The deep failings of NHS maternity care

Damning reports suggest Leeds Teaching Hospitals NHS Trust has been causing families distress for years

By Hannah Barnes

When it was confirmed that Leeds Teaching Hospitals NHS Trust (LTHT) would be part of the government’s national maternity investigation, many families were disappointed. In their minds, a rapid investigation could “not scratch the surface of the front-line care failings”. A slew of information released in supporting papers to a board meeting taking place on Thursday 25 September, and a new Care Quality Commission assessment of the trust’s leadership, suggest they are right to be concerned.

In August 2025, state the documents, “there was a significant increase in negative ratings for birth”. Feedback from women and their families “highlighted adverse themes associated with communication, compassion, environment, patient mood/feeling, treatment and care, pain management, staffing resources and waiting time”. In the same month, the trust delayed the admission of a bereaved mother whose baby had died at 32 weeks. And they were unable to provide her with one-to-one care during labour, “due to acuity”. It is not entirely clear what this means. But acuity – when used in a medical context – is a measure of the intensity of care a patient requires. It dictates how immediately they need to be seen, as well as how many staff are needed. The LTHT document seems to show that attending to a woman who needed to give birth to a baby she knew had died was not deemed urgent.
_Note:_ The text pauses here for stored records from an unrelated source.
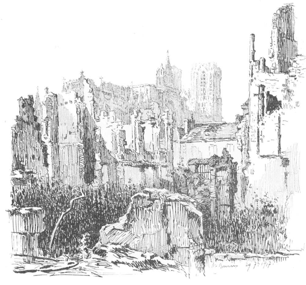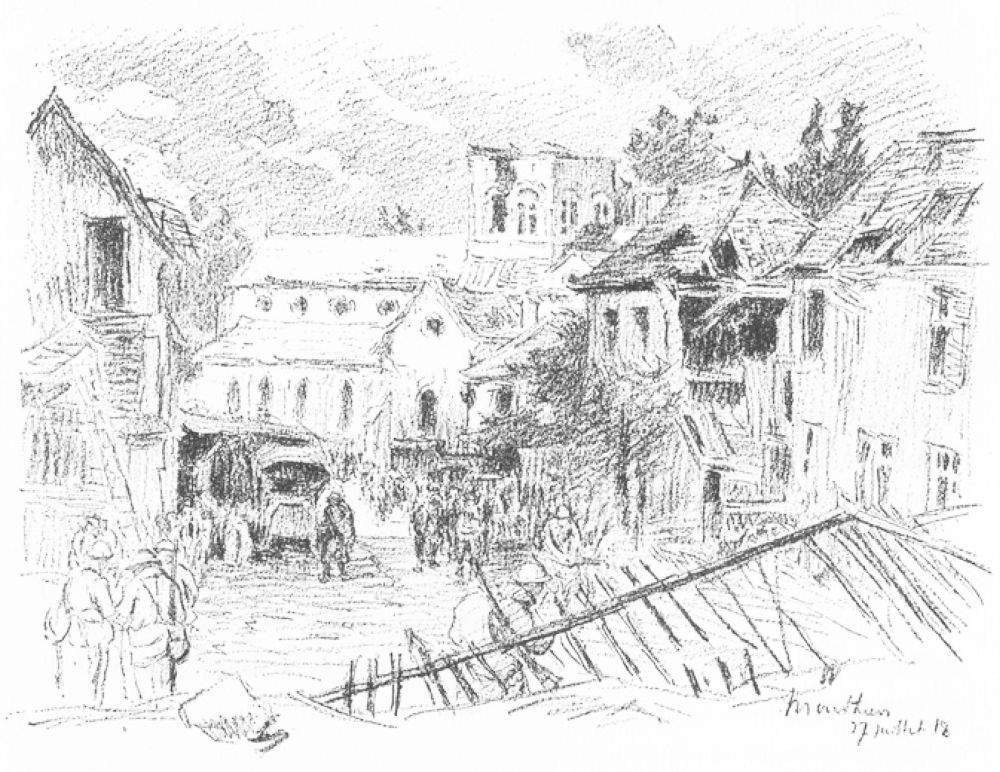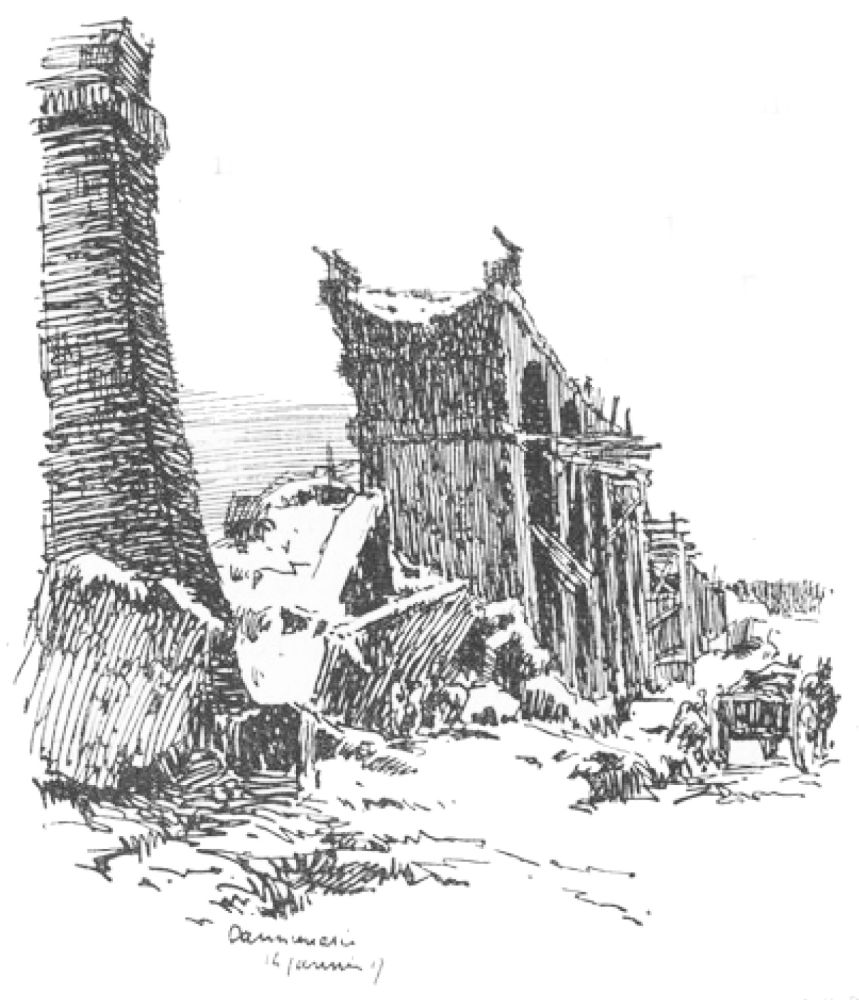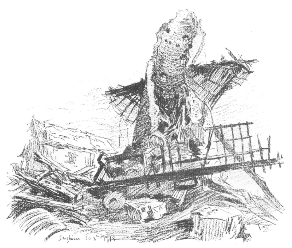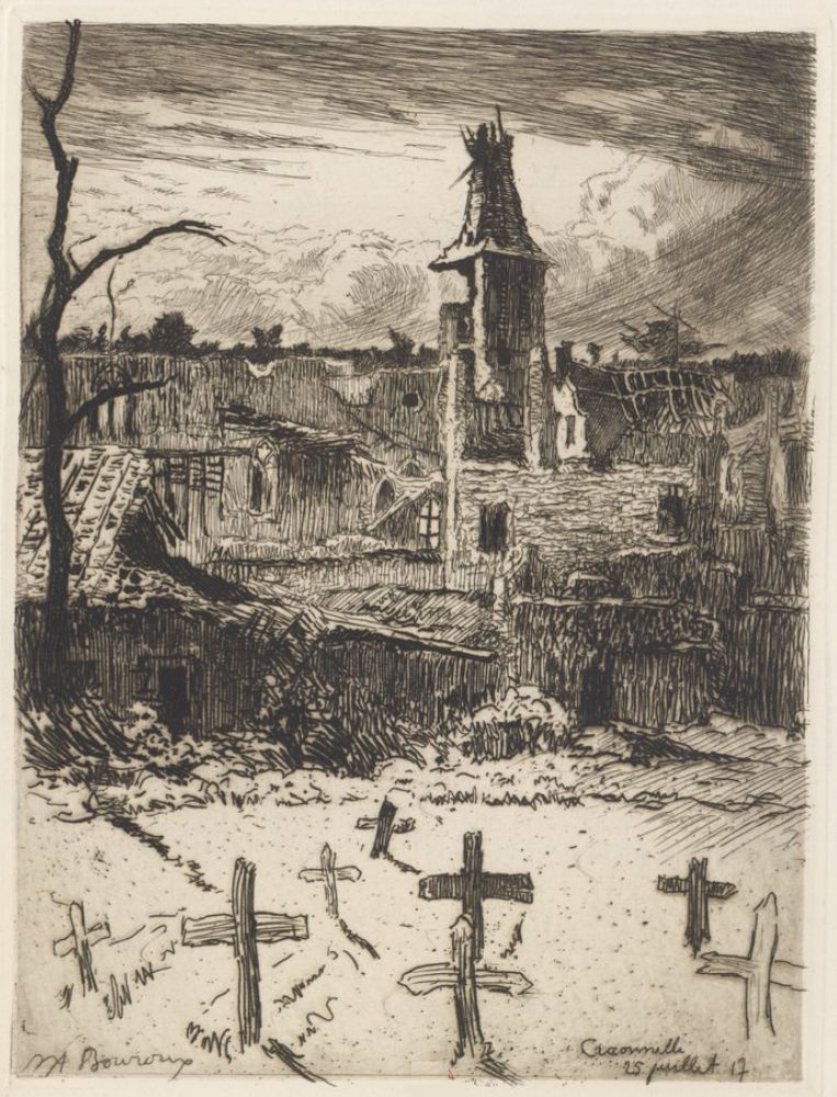 La guerre n’est qu’une convulsion, qui bouleverse les êtres et les choses, mais une convulsion ne dure pas. A la place des ruines, dont le burin du graveur trace la figure pathétique, d’autres édifices s’élèveront un jour à nouveau. Et devant même que d’autres pierres aient remplacé les pierres détruites, la nature la première n’a-t-elle pas rétabli son harmonie éternelle, comblant les tranchées et les trous d’obus? Les champs de désolation et de mort ne s’apprêtent-ils pas pour les moissons de demain?
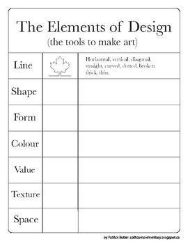 Ideal art activities and lessons for elementary art, middle, or high school art. The elements of art are the visual components of color line, shape, texture, color, value and space. Get 7 elements of art handouts and 10 principles of design handouts. It begins by introducing the basic building blocks:
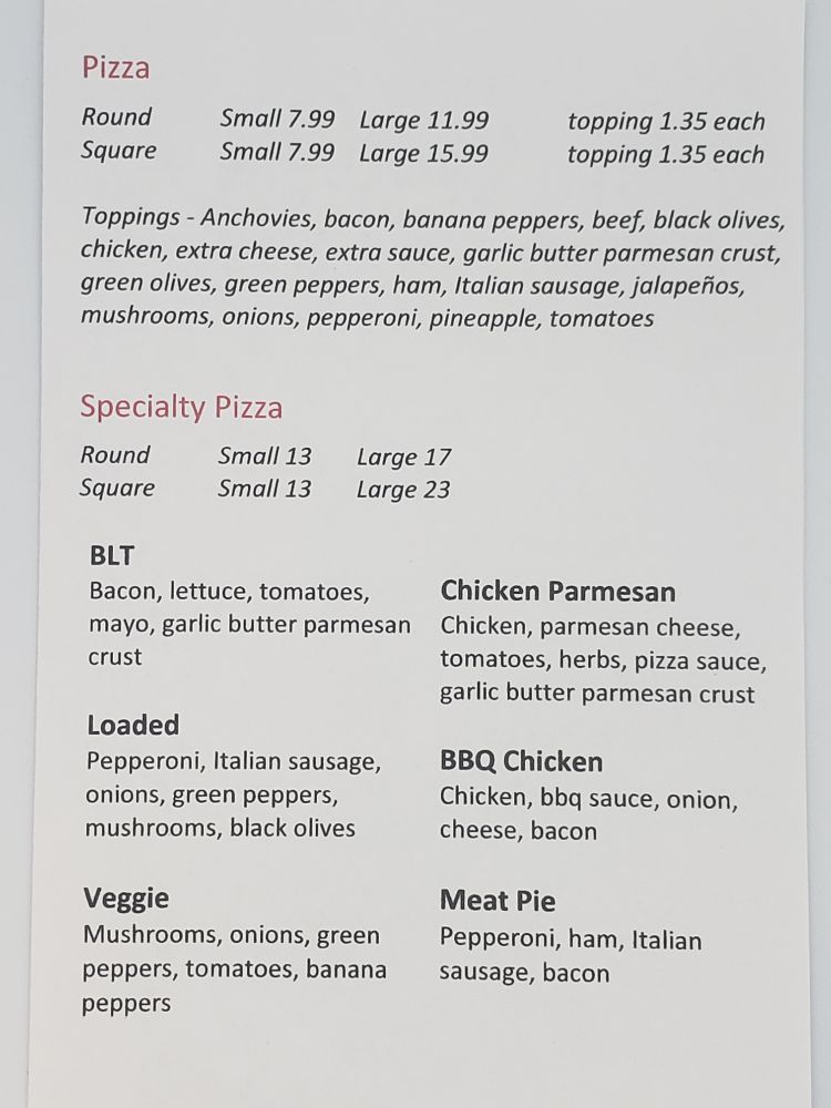 Green peppers, onions, black olives, mushrooms, banana peppers, tomato, lettuce, provolone, Swiss, side of pizza sauce
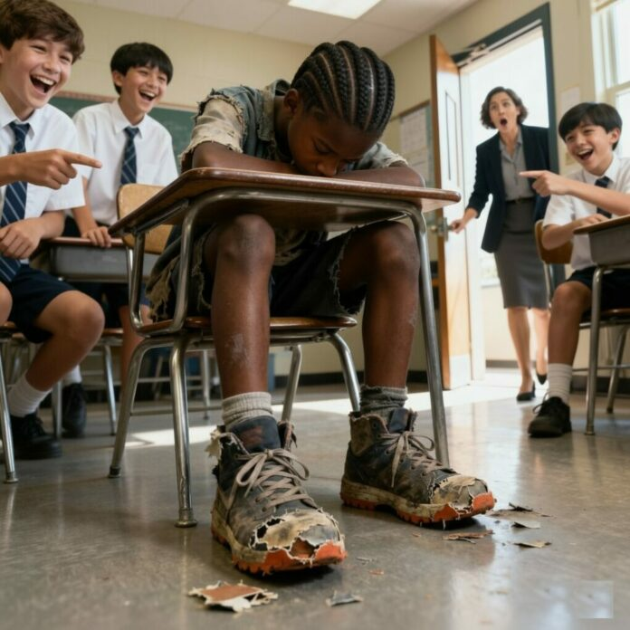Il se leva, nerveux, la voix basse. « Je sais que certains d’entre vous se moquent de mes chaussures. Elles sont vieilles. Mais je les porte parce que ma mère n’a pas les moyens d’en acheter des neuves pour le moment. Elle a deux boulots pour que ma sœur et moi puissions manger. »
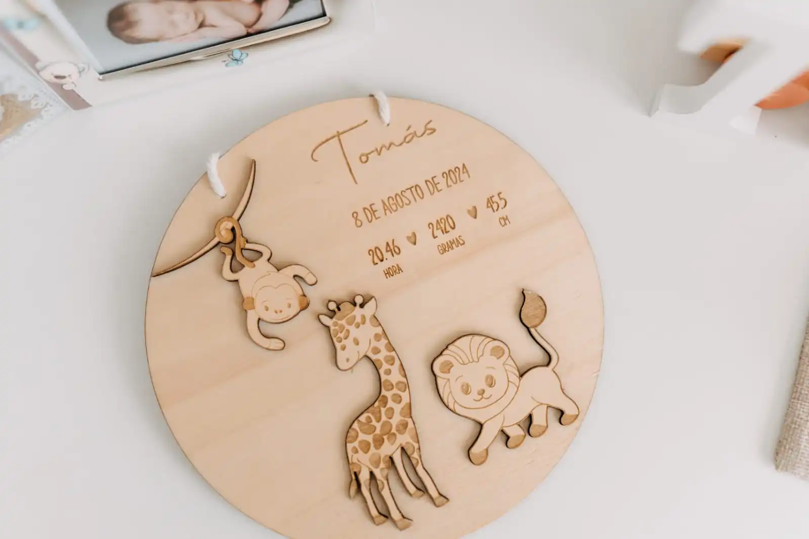 Placa de nascimento personalizada em madeira natural, ideal para registar e eternizar os dados mais importantes do nascimento do bebé. Inclui nome, data, hora, peso e altura, com um delicado design em relevo inspirado na selva, com animais adoráveis que tornam a peça ainda mais especial.
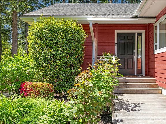 Easy one-level living in this gem of cottage on desirable Manzanita Road. Quality steel-beam construction, vaulted ceilings, and walls-of-windows allow for wonderful southern and western light. Cherry hardwood flooring, custom built-ins, a remodeled primary bath and a spacious Chef’s kitchen set this home apart from the rest. Three bedrooms plus an office/flex space. Outside find beautiful trees that provide privacy and multiple sunny garden spaces for growing flowers and veggies. Mature storybook plantings include fruit trees, dogwoods, raspberries, peonies, and hydrangeas. Large back deck with hot tub. 3-car garage with shop space and an attractive custom-paver driveway with RV parking. Beach access nearby. A rare island offering.
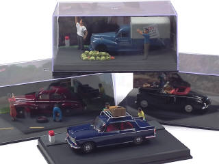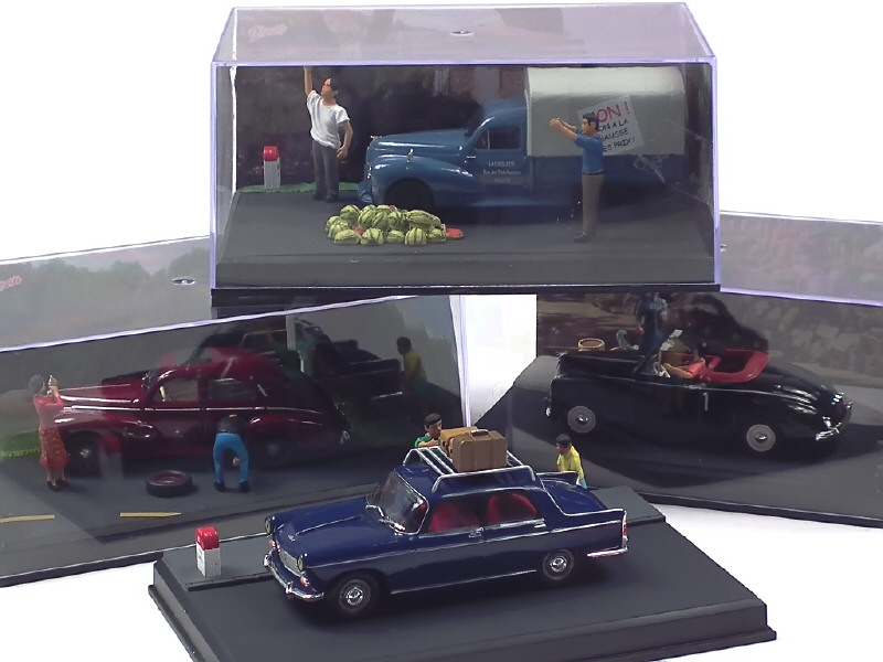 collection 'LA ROUTE BLEUE' - comprend : 203 cabriolet, berline, pick-up bâché & 404 - avec dioramas, figurines & accessoires

The board meeting’s supporting documents feature several serious announcements. They reveal that Leeds has been asked to repay close to £5m after it was found to have wrongly claimed it was providing safe care to mothers and their babies. The trust reviewed the claims it made to the Maternity Incentive Standards (MIS) scheme for 2024/25 and 2025/26, after its maternity services were rated “inadequate” – the lowest rating possible – by the CQC earlier this year. In a damning report, the regulator said that concerns of families and whistleblowing staff dating back several years had been “substantiated” during the inspection and “posed a significant risk to the safety of women, people using these services, and their babies”.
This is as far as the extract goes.